The great man child of English football is now the old head, a father and leader or men. His career has yielded 100 caps but not yet the international pot we all hoped it might a decade ago.

If anyone was going to change the direction of travel after generations of international failure, then this 19-year-old kid had as good a chance as any, or so we thought. Sterling has suffered this season in a faltering Liverpool side shorn of forward thrust.

And then he was too tired to start for England against Estonia, though not too fatigued for night-club duty on his return.

In a desperate first half there were many candidates for the hook, but arguably none more so than Sterling. Yet when he left the pitch after 83 minutes he got a standing ovation.

There was much to admire in the improved second half, not least his pass that released Danny Welbeck for the third goal, but if he is to remain at the centre of the England project, Sterling must learn to dominate a stage that was made for him.

This should have been the cue for Sterling to put his hand up, yet there was nothing during a woeful opening period in which England perfected the art of possession on the halfway line.

When space is tight against an opponent intent on smothering the game beneath a defensive blanket it requires an instinctive bundle of creativity to make something happen and run at the opposition: the kind of intervention Sterling trademarked last season.

Welbeck's second was much more impressively worked (Getty Images)

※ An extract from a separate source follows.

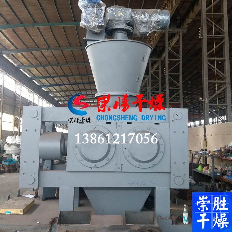 原料经定量加料器均匀送入喂料斗, 压实机利用带有穴眼孔的成对轧辊,彼此留有一定间隙,两者以相同的转速作反向旋转。其中一组轧辊轴承座在机架内不动,而另一组轧辊轴承座则在机架导轨上游动,藉助液压缸施压使彼此紧靠。轧辊表面上有规则地排列许多形状、大小相同的穴眼孔,且波谷对准波谷。而此时干粉状物料从两轧辊上方连续均匀地靠自重及强制喂料进入两轧辊之间,物料先作自由流动,进入咬入区后被轧辊逐渐咬入波谷。随着轧辊的连续旋转,物料占有的空间逐渐减少而被逐步压缩,并达到成型压力**值。随后则压力逐渐降低,所压得之型块因弹性回复加之自重而脱落穴眼孔而进入碎整粒、筛分装置,所得成品为粒状合格产品,进行过秤包装。而粉料口出来的细粉料和不合格的超大颗粒则由返料绞龙重新进入提升机加料口随同新鲜物料混合加入预加料斗而进入下一轮工艺流程。

He should have done better with his shot in the 16th minute after a sweet burst from Nathaniel Clyne, whose whipped cross was helped on by Rooney to Sterling’s feet. The connection was not great and the ball dribbled tamely wide.

There was one shimmy in the box that came to naught and a break down the right when he sent a deflected cross onto the head of Welbeck. Again the outcome was short of what it might have been.

It is true the pitch wasn’t great by modern, billiard-table standards, but even in this state the Wembley surface was better than anything Sir Bobby knew in his World Cup-winning days.

The sight of Alex Oxlade-Chamberlain, Theo Walcott and Ross Barkley warming up at half-time acted like smelling salts on Sterling, who surpassed all his first-half efforts within minutes of the restart, skipping past two tackles and creating genuine danger.

Stationed more on the right wing he and the team benefited by his defined role, and when he did slip off the leash he made it count, delivering the pass to Welbeck beautifully for England’s final thrust.

This was more like it, but not yet enough to justify the hype that surrounds him.

Sterling is 20 next month – a boy no more.